Masters Daily Fantasy Blog


April 7th – 10th, 2016

Augusta National G.C.

Augusta, Ga.

Par: 72 / Yardage: 7,435

Purse: $10 million

with $1.8 million to the winner

Defending Champion:
Jordan Spieth










Wednesday April 6th, 2016



Dynamic duo…
The two guys I like in the $9,000s on DraftKings are Henrik Stenson and Justin Rose. Then again, those are two guys I usually like, as they are two of the best ball-strikers in the game. Granted, you have to putt well to win at Augusta, but both can get hot on the greens on occasion and in any case are a good bet for a solid finish. Stenson has three straight top-20s at Augusta (five in all), Rose has been in the top 20 five of his last six appearances including a T-2 last year. Stenson, coming off a third and a second in his last two starts, is enticingly valued at $9,600, while Rose’s $9,900 salary seems about right.



Not so great in the 8s…
I’m not too enthusiastic about anyone in the $8,000s on DraftKings, but the two who have some of my attention are Jimmy Walker and Patrick Reed. Unlike the last two years, Walker hasn’t gotten off to a super hot start as he has no wins under his belt, but he is quietly playing pretty well from week to week so he looks like a solid pick (and finished T-8 in the 2014 Masters). Ditto for Reed, and with a T7-T9-10 in his last three starts the guy who led Augusta State to a pair of NCAA titles could make some noise. On the question mark side, Brandt Snedeker withdrew from the WGC-Cadillac with a rib injury last month which should at least make you hesitate. And Louis Oosthuizen’s ball-striking wasn’t impressive in the WGC-Match Play final, which he followed up by shooting 73-77 in Houston. He might be a little pricey at $8,800



More questions than answers…
That’s what I see in the lower half of the $7,000s on DraftKings. Rafa Cabrera Bello has gone third-fourth in the last two weeks, but can he keep it up? J.B. Holmes withdrew last week with a shoulder injury, making him an iffy pick. Martin Kaymer is 3-for-8 at making the cut in the Masters with no finishes in the top 30. Lee Westwood hasn’t played much this year, or that well when he has, so his fine Masters record might not mean much.

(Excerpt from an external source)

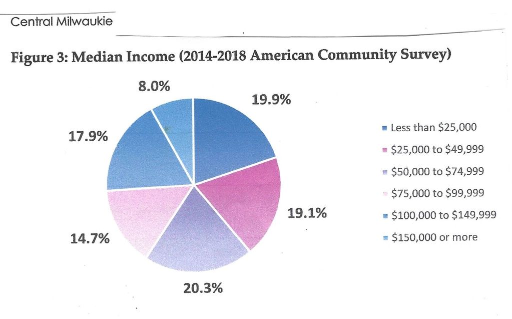 Nearly 40% of Central Milwaukie households make less than $50,000 per year. The City wide average for Milwaukie at large is about $64,000 per year. There are a few households who make more than $150,000 per year (8% of households in Central Milwaukie). Ideally, it is said that no more than 30% of one's household income should go to housing. If you make Milwaukie's city wide median of $64,000

Danny Lee has only played in four majors, with a best of T-43, and is in a bit of a slump since mid-February. Ian Poulter has some good points—a strong Masters record and a third in Puerto Rico in his last start—but do those wipe away his generally poor 2016?
Mostly solid but unspectacular…
There are some steady players in the upper part of the $7,000s on DraftKings. Jason Dufner has made 11 of 13 cuts this year, with a victory at the CareerBuilder but mediocre results since then. Bill Haas has made the cut in all six career Masters, but never has finished better than T-12. Matt Kuchar is usually a cut-making machine, though he ended a string of 18 straight cuts in his last stroke-play event at the Arnold Palmer (yes, he was in my lineup). They are all decent choices. A guy who is a bit more volatile but maybe with a better chance of contending if he’s on is Paul Casey, whose T-6 last year was his fourth time in the top 11 in the Masters. Also a good sign—he had a couple of top-10s on the Florida swing.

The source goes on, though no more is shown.